▶ GIVEN DATA:

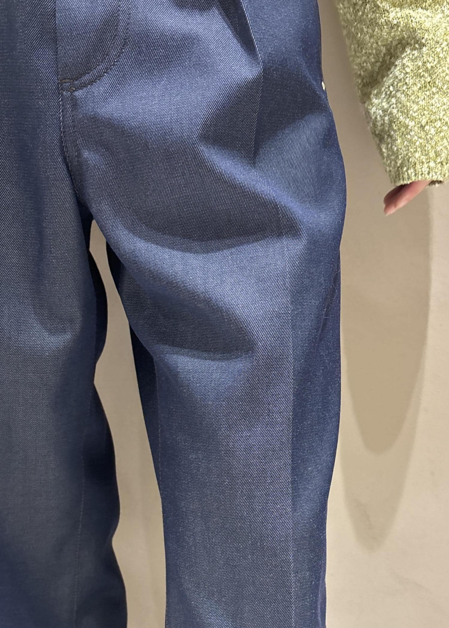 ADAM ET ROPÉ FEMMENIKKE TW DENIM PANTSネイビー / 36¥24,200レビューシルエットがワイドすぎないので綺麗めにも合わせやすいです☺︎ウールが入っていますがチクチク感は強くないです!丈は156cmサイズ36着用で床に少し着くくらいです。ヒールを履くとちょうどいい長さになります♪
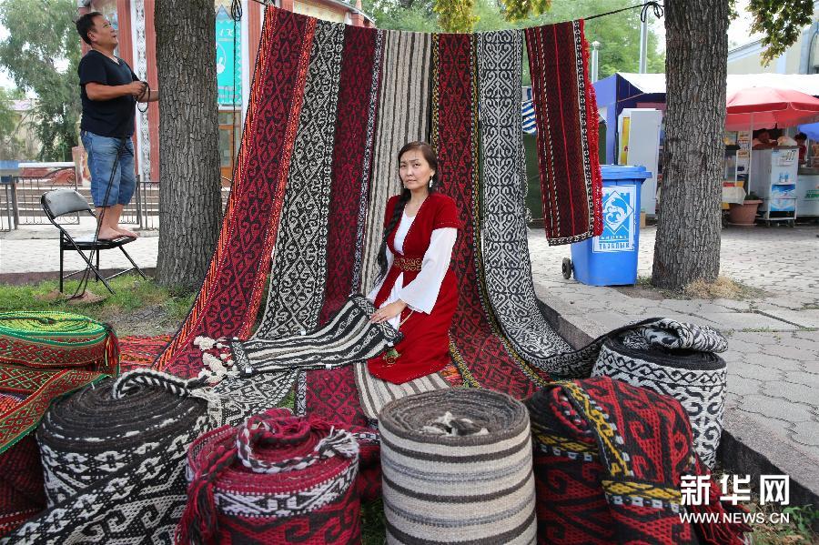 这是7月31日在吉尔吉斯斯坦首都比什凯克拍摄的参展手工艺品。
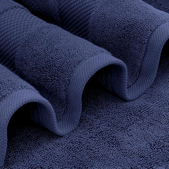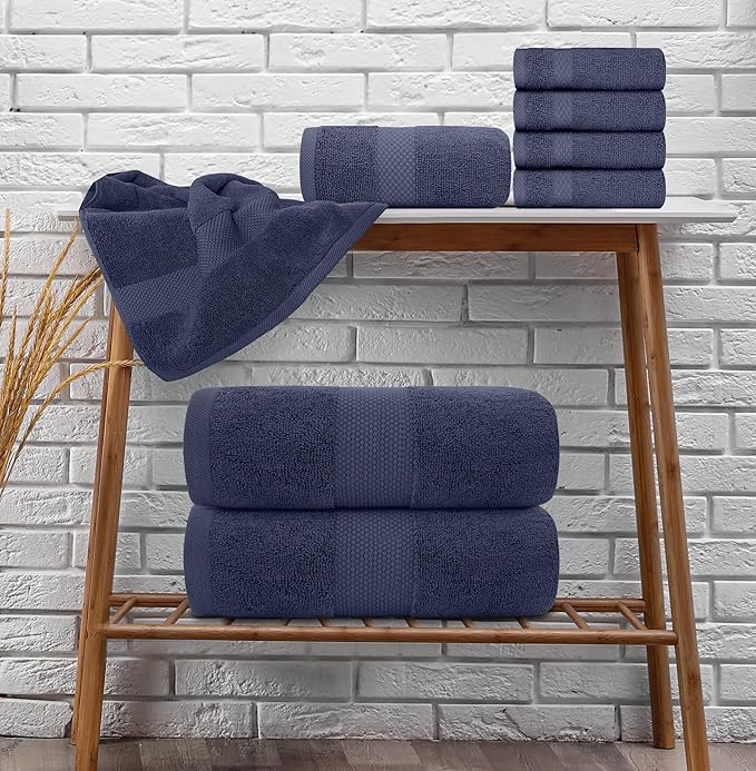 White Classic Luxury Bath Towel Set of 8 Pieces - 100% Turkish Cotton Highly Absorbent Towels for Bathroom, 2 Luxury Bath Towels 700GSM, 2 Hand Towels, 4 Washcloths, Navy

▶ WORK TO BE COMPLETED:
Exactly as given, set down each line of the material, but include no pictures.

▶ ANSWER:
 ADAM ET ROPÉ FEMMENIKKE TW DENIM PANTSネイビー / 36¥24,200レビューシルエットがワイドすぎないので綺麗めにも合わせやすいです☺︎ウールが入っていますがチクチク感は強くないです!丈は156cmサイズ36着用で床に少し着くくらいです。ヒールを履くとちょうどいい長さになります♪
 这是7月31日在吉尔吉斯斯坦首都比什凯克拍摄的参展手工艺品。
 White Classic Luxury Bath Towel Set of 8 Pieces - 100% Turkish Cotton Highly Absorbent Towels for Bathroom, 2 Luxury Bath Towels 700GSM, 2 Hand Towels, 4 Washcloths, Navy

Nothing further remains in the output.